Back to the Levant. Although much has been made of HMS Defender, little has been made of the Aircraft Carrier, HMS Queen Elizabeth in the eastern Mediterranean launching its F 35-Bs in support of US actions against “Islamic State”. That carrier group is remarkably close to the Russian base at Tartus on the Syrian coast. Boris peered at an old Atlas. He remembered a cynical Eton Beak telling him that Britain had not had a good track record in the Crimea and that Arabia had always been a source of conflict, even though Foreign Office panjandrums had always dreamt of desert postings. Also, those Naval Johnnies had pointed out that to sail from one Sea to the other meant transiting the Dardanelles.

 “Good Grief” cried Boris, “my hero, Winston, had a tough call at Gallipoli; I had better not make the same mistake!”

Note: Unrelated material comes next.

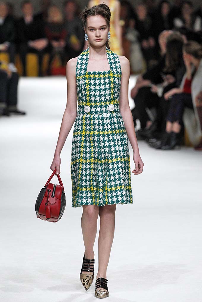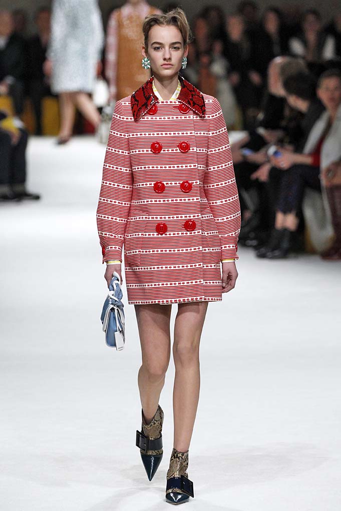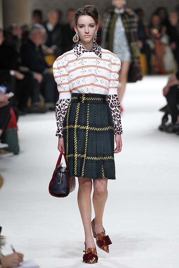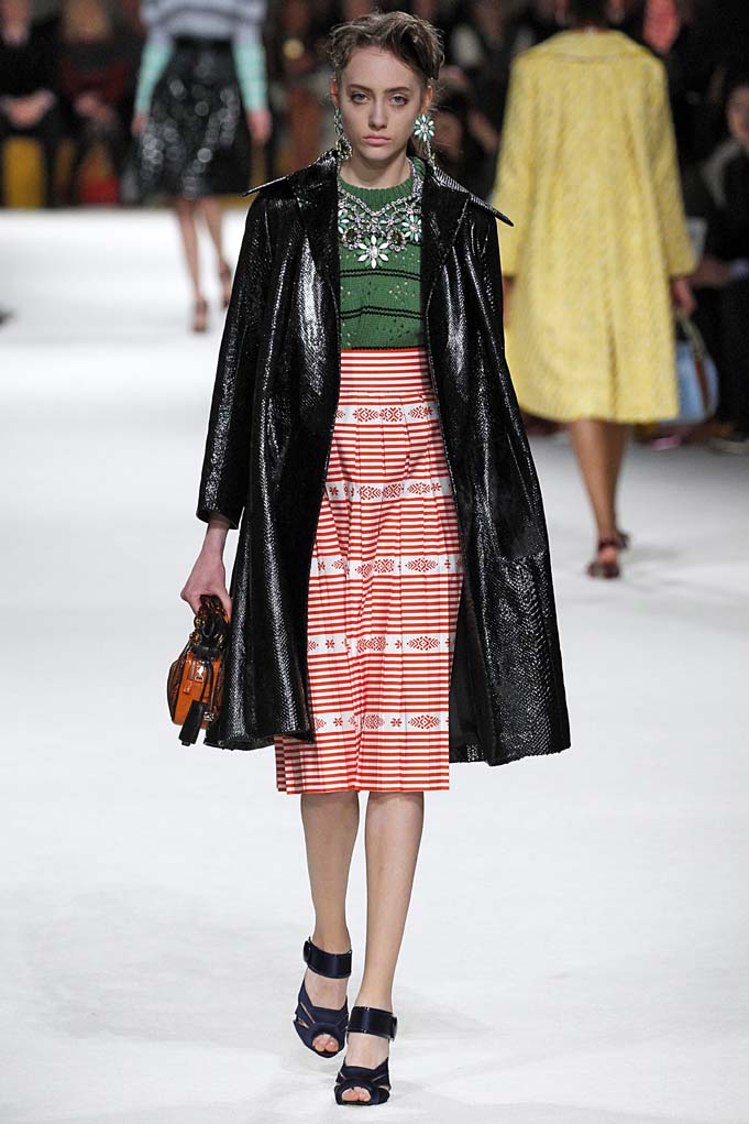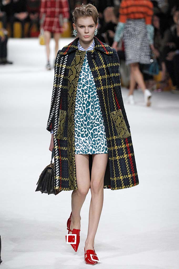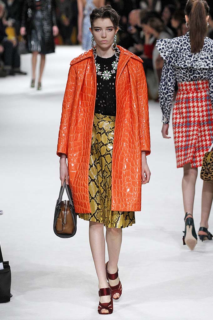 Miu Miu’s Fall collection was replete with glossy skins, plenty of colorful leopard, and tons of herringbone, like a trove of vintage finds, giving the style set much more to talk about than front rower Renee Zellweger’s exhaustively-discussed face. Oversized costume jewelry was also in the mix, as were bright pastel patent leather shoes, some with a multitude of straps, others with big buckles. At times the vintage theme was a bit excessive, like a green and yellow jumper with big, white buttons or the prim shirtdress with a horizontal stripe detail and a neck ruffle. But the outerwear here was key: all of the bright wool options featuring a snakeskin detail or even a full-on snakeskin look. Also attention grabbing? Those shiny croc shift dresses and mini skirts in punchy shades of orange, yellow, and red.

Carrie was aghast at her husband’s reticence. “Remember that Russia was our ally in 1915 and you are part Russian yourself.”

 “Yes, yes”, sputtered Boris, “but you forget that I am part Turkish as well”. He decided to break the habit of a lifetime and embark on some detailed research before he made a decision. He found out that The Ukraine, so long regarded as the heart of Russia had, very briefly, been an independent State after the Russian Revolution. Also, that Stalin had nearly destroyed The Ukraine in the Holodomor famine of the early 1930’s; no wonder the German army were greeted as liberating heroes when they invaded in June 1941.Thus there was no love lost between the two conflicting nationalities. Furthermore, the lack of natural borders made the whole area an irridentist’s dream.

In a rare moment of self-reflection, Boris mused that if he were to make History then knowledge of the great leaders of the past would be a handy aide memoir. Peter the Great saw the importance of the Sea of Azov and the Straights of Kerch, but failed to hang onto them, whilst Catherine the Great did. Thus Putin, in asserting his authority over The Crimea, and the aforementioned Straits, is emulating his forbears.

“Don’t forget Victoria Nuland” whispered Carrie. “She allegedly organised the 2014 coup in Kiev which put a pro-western Government in power; well, she is back in the State Department”. 

“I remember her” cried Boris, “didn’t she teach me IT?”

 “No, that was Jennifer Arcuri” an angry Carrie replied. “Victoria Nuland is a career diplomat, who also just happens to be Ukrainian: (paternal grandfather)”.

“Well, whether it is Victoria or Jennifer I should get on with them as, after all, I am American myself. “Now if there is to be a conflict, I had better read War with Russia by Richard Shirreff. I know the General’s book is meant to be fiction, but whenever has fiction stopped me from making a decision”?

“Come off it, you are a Classicist - Thucydides on the Peloponnesian War would be far more apt” cried Carrie, projecting her inner Amazon.

“True,” replied Boris, “Something about a trap?”